▶ Items listed in a dataset
○ ○ ○ ○

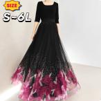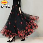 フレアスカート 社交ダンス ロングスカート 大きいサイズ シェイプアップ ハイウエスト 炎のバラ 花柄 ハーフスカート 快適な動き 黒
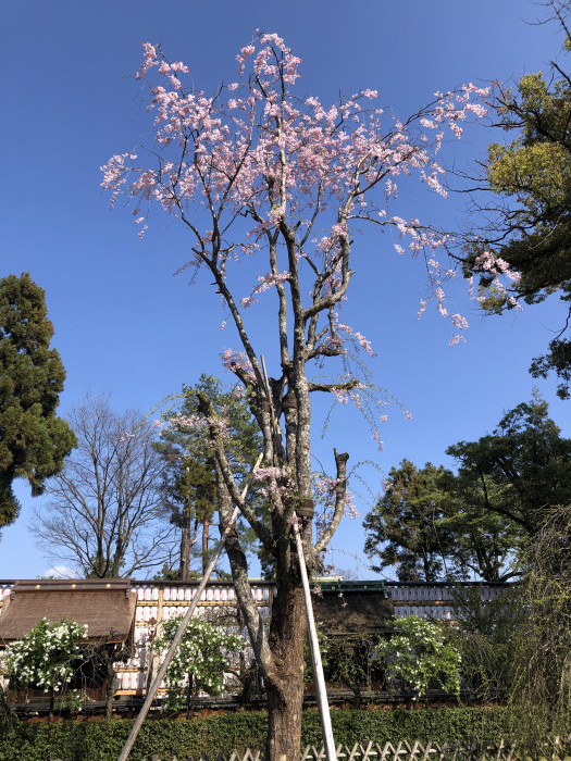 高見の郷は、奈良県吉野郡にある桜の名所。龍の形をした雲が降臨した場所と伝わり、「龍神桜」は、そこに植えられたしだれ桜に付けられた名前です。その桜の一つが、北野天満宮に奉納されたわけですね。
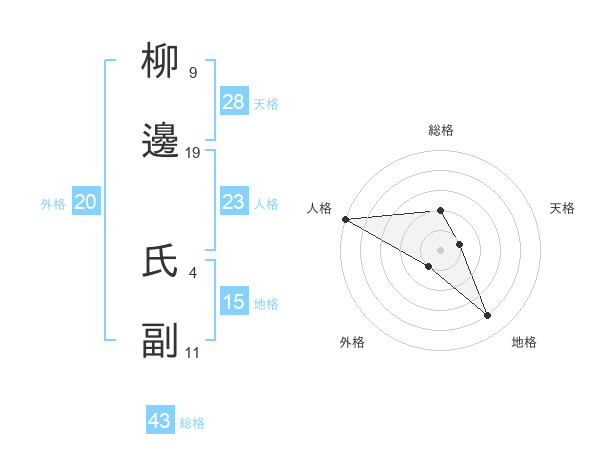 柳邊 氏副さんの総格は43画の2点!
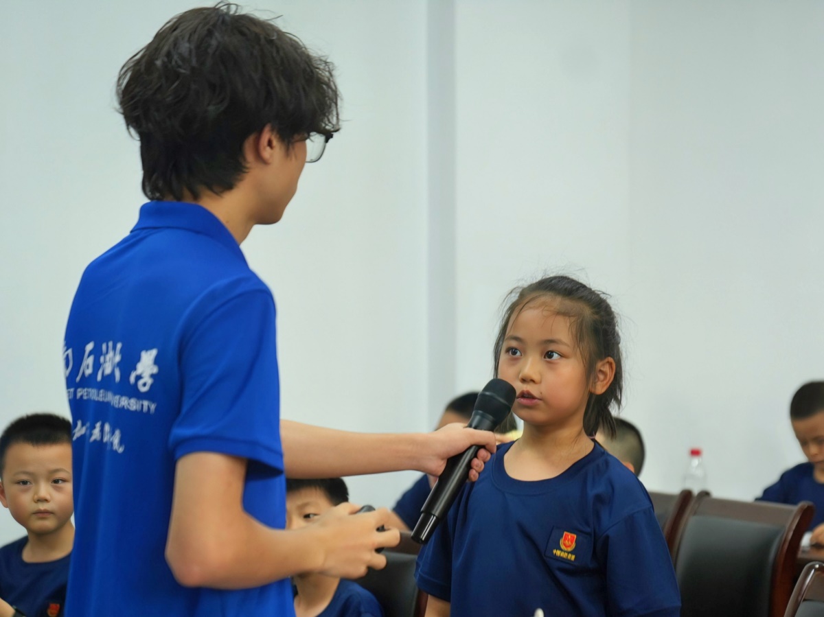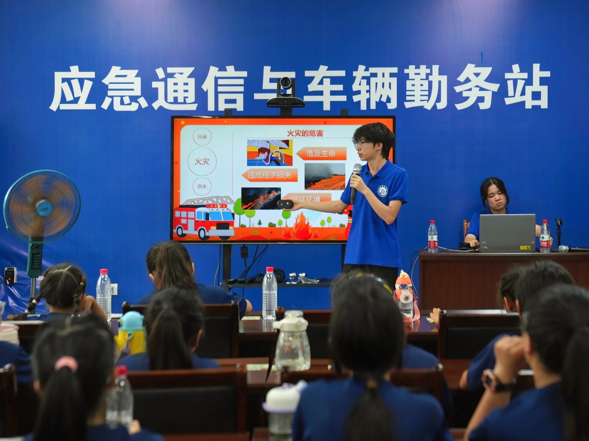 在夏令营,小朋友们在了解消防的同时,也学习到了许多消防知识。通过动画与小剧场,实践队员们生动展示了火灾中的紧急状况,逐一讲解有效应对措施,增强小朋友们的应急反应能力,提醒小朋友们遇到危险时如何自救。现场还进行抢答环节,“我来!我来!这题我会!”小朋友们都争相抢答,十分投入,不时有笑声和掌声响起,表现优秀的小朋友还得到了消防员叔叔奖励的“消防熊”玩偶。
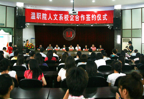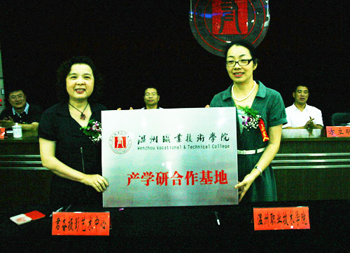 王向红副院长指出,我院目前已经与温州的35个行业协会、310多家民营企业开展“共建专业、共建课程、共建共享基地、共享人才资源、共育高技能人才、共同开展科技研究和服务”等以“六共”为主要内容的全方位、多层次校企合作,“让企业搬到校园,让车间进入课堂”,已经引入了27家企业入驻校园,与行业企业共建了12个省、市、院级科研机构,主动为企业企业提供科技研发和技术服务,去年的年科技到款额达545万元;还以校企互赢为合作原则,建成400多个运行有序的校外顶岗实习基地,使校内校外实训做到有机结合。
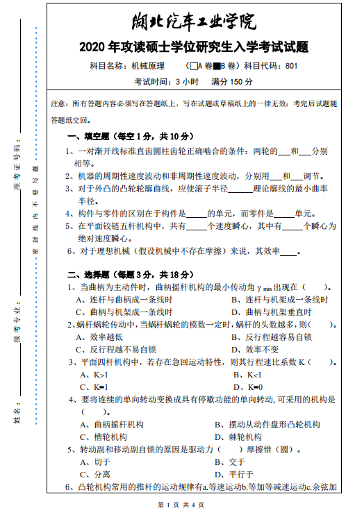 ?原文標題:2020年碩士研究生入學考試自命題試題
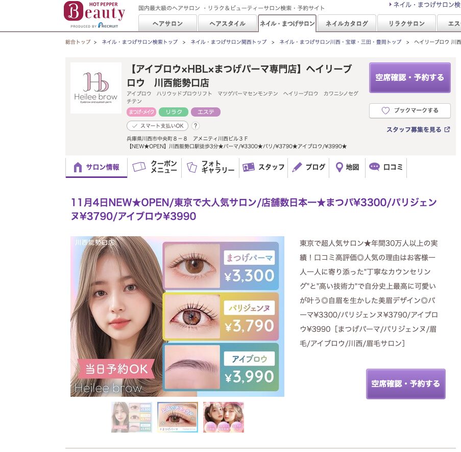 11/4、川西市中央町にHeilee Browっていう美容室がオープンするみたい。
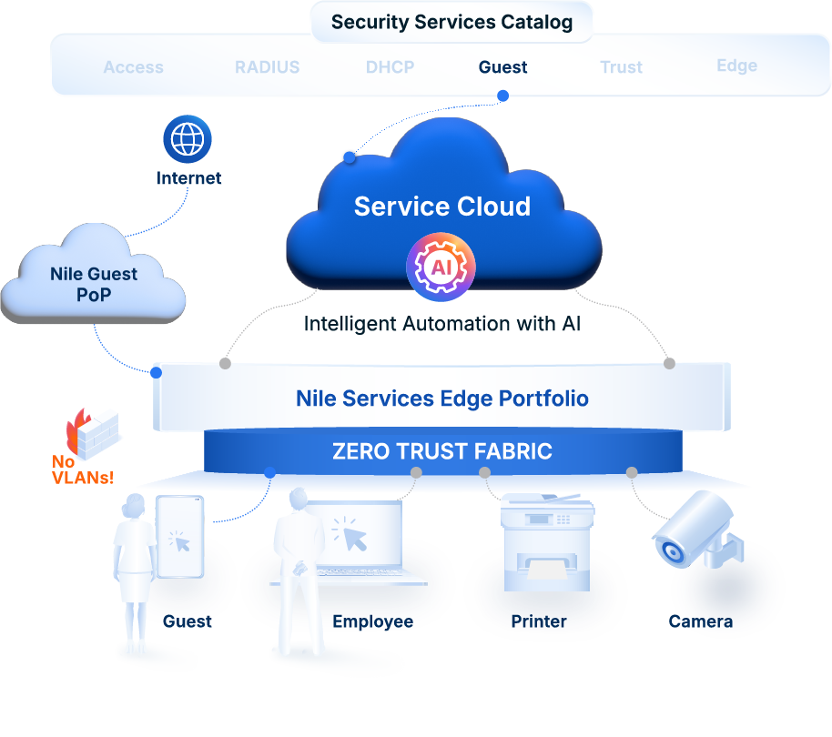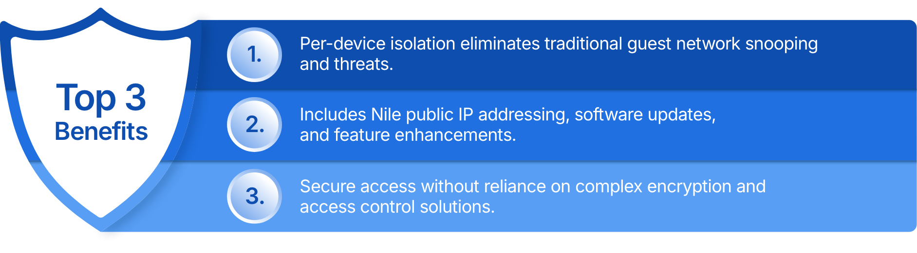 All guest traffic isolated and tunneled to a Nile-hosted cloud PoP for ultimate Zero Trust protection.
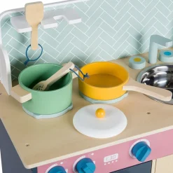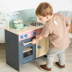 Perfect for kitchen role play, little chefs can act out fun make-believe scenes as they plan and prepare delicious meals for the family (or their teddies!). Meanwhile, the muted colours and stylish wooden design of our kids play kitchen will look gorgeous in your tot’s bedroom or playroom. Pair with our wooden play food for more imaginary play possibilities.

○ ○ ○ ○

Omit the pictures, then set down all the remaining data exactly as given.

 フレアスカート 社交ダンス ロングスカート 大きいサイズ シェイプアップ ハイウエスト 炎のバラ 花柄 ハーフスカート 快適な動き 黒
 高見の郷は、奈良県吉野郡にある桜の名所。龍の形をした雲が降臨した場所と伝わり、「龍神桜」は、そこに植えられたしだれ桜に付けられた名前です。その桜の一つが、北野天満宮に奉納されたわけですね。
 柳邊 氏副さんの総格は43画の2点!
 在夏令营,小朋友们在了解消防的同时,也学习到了许多消防知识。通过动画与小剧场,实践队员们生动展示了火灾中的紧急状况,逐一讲解有效应对措施,增强小朋友们的应急反应能力,提醒小朋友们遇到危险时如何自救。现场还进行抢答环节,“我来!我来!这题我会!”小朋友们都争相抢答,十分投入,不时有笑声和掌声响起,表现优秀的小朋友还得到了消防员叔叔奖励的“消防熊”玩偶。
 王向红副院长指出,我院目前已经与温州的35个行业协会、310多家民营企业开展“共建专业、共建课程、共建共享基地、共享人才资源、共育高技能人才、共同开展科技研究和服务”等以“六共”为主要内容的全方位、多层次校企合作,“让企业搬到校园,让车间进入课堂”,已经引入了27家企业入驻校园,与行业企业共建了12个省、市、院级科研机构,主动为企业企业提供科技研发和技术服务,去年的年科技到款额达545万元;还以校企互赢为合作原则,建成400多个运行有序的校外顶岗实习基地,使校内校外实训做到有机结合。
 ?原文標題:2020年碩士研究生入學考試自命題試題
 11/4、川西市中央町にHeilee Browっていう美容室がオープンするみたい。
 All guest traffic isolated and tunneled to a Nile-hosted cloud PoP for ultimate Zero Trust protection.
 Perfect for kitchen role play, little chefs can act out fun make-believe scenes as they plan and prepare delicious meals for the family (or their teddies!). Meanwhile, the muted colours and stylish wooden design of our kids play kitchen will look gorgeous in your tot’s bedroom or playroom. Pair with our wooden play food for more imaginary play possibilities.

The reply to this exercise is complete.